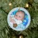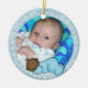 Baby's 1st Christmas customisable keepsake ornament with a sleeping baby boy in a blue sleeper and soft snowflake design. You can easily customise this ornament with baby's photo and add your own text to the back. It's great as a 1st Christmas gift and will be a memento for years to come.
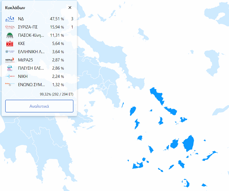 Χάρτης αποτελεσμάτων Κυκλάδων 21ης Μαΐου 2023 Βαδίζουμε προς τις εκλογές της 25ης Ιουνίου 2023. Η προεκλογική κίνηση στην Άνδρο είναι πεσμένη. Οι υποψήφιοι ακόμα και όταν έρχονται περνάνε απαρατήρητοι σχεδόν. Το αποτέλεσμα στο νησί (όπως και σε όλη την Ελλάδα) έχει προεξοφληθεί. Η ΝΔ με τελικό αποτέλεσμα σχεδόν 54% στις εκλογές του Μαΐου και ο… Continue reading ΑΝΔΡΟΣ: Η πολιτική και τουριστική κίνηση ενόψει των εκλογών της 25ης Ιουνίου
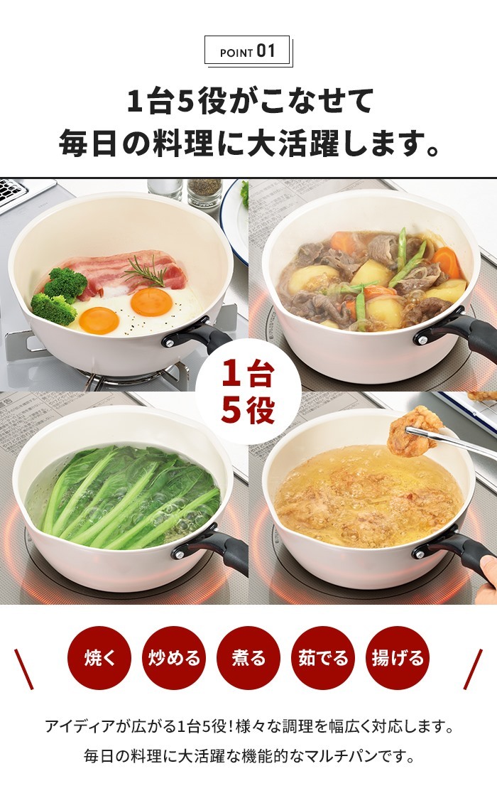 | マルチパン 18cm セラミック塗膜加工 オール熱源対応 一台5役 撥水性 調理鍋 片手鍋 深型 汚れにくい 調理器具 便利 片手鍋 なべ アルミ製 調理器具 IH対応 ガス火対応 マルチに使える 煮る 茹でる 揚げる 焼く 炒める 撥水性 消耗しにくい 安心 安全 白色 可愛い キッチン 台所 |
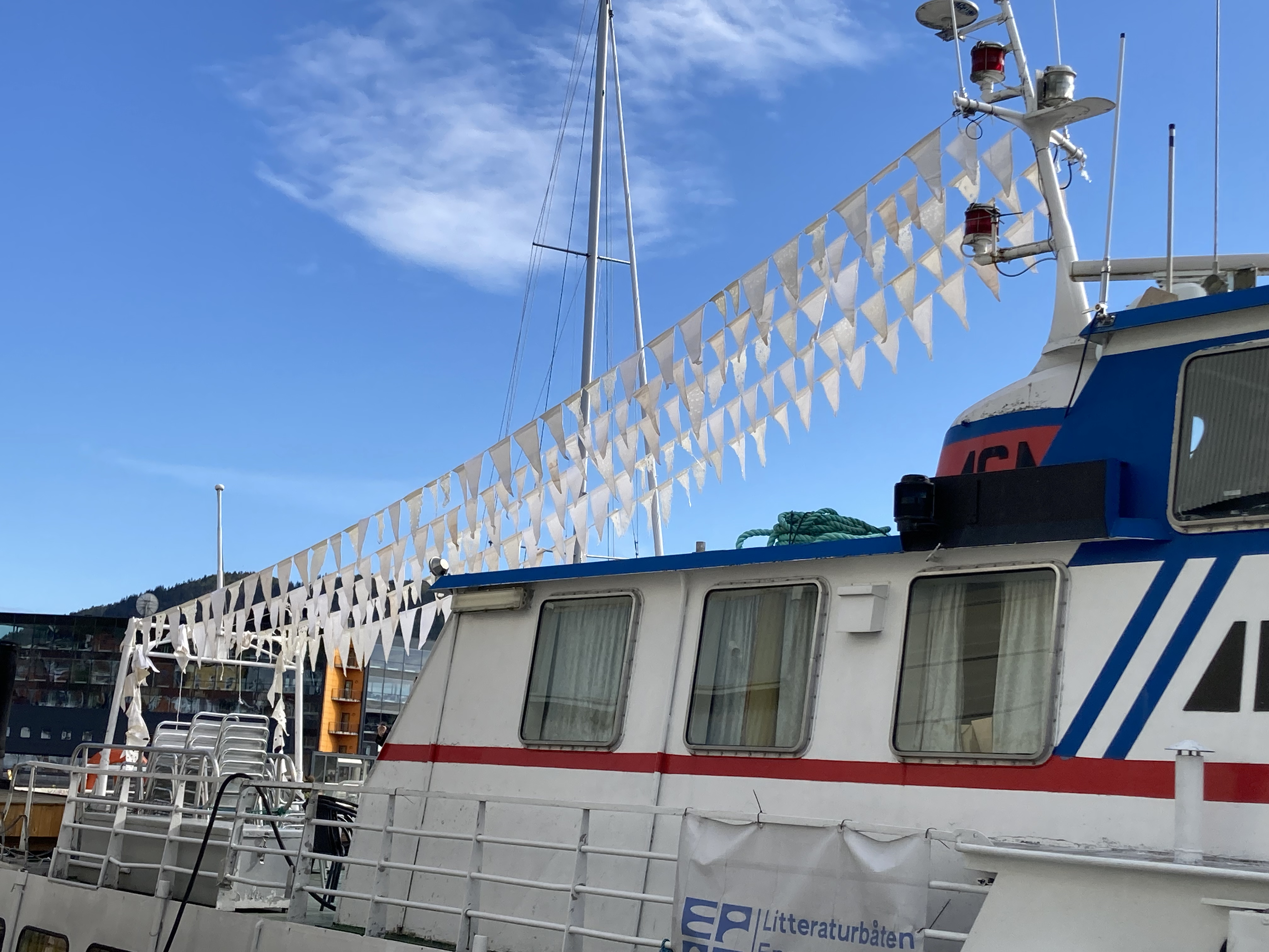 Created for across, with, nearby, Elsebet Rahlff’s new work draws from the language of maritime signalling to create a space of quiet attention and reflection. 300 white pennants shown on the Literature Boat Epos in collaboration with the wind, rain, sunlight, and sea. Suspended across the aft deck within multiple overhead flag cords are white triangular pennants, made from recycled fabrics and treated with caustic soda for strength and durability. Varying in their construction — perforated, layered, or simply cut — the flags form a dynamic mass in motion, activated by even the slightest breeze at sea.

Work request —
To complete this exercise, repeat exactly the lines above from the one holding "可愛い キッチン 台所 |" to the end of the listing, both included, and leave the pictures out.

Answer for the task —
 | マルチパン 18cm セラミック塗膜加工 オール熱源対応 一台5役 撥水性 調理鍋 片手鍋 深型 汚れにくい 調理器具 便利 片手鍋 なべ アルミ製 調理器具 IH対応 ガス火対応 マルチに使える 煮る 茹でる 揚げる 焼く 炒める 撥水性 消耗しにくい 安心 安全 白色 可愛い キッチン 台所 |
 Created for across, with, nearby, Elsebet Rahlff’s new work draws from the language of maritime signalling to create a space of quiet attention and reflection. 300 white pennants shown on the Literature Boat Epos in collaboration with the wind, rain, sunlight, and sea. Suspended across the aft deck within multiple overhead flag cords are white triangular pennants, made from recycled fabrics and treated with caustic soda for strength and durability. Varying in their construction — perforated, layered, or simply cut — the flags form a dynamic mass in motion, activated by even the slightest breeze at sea.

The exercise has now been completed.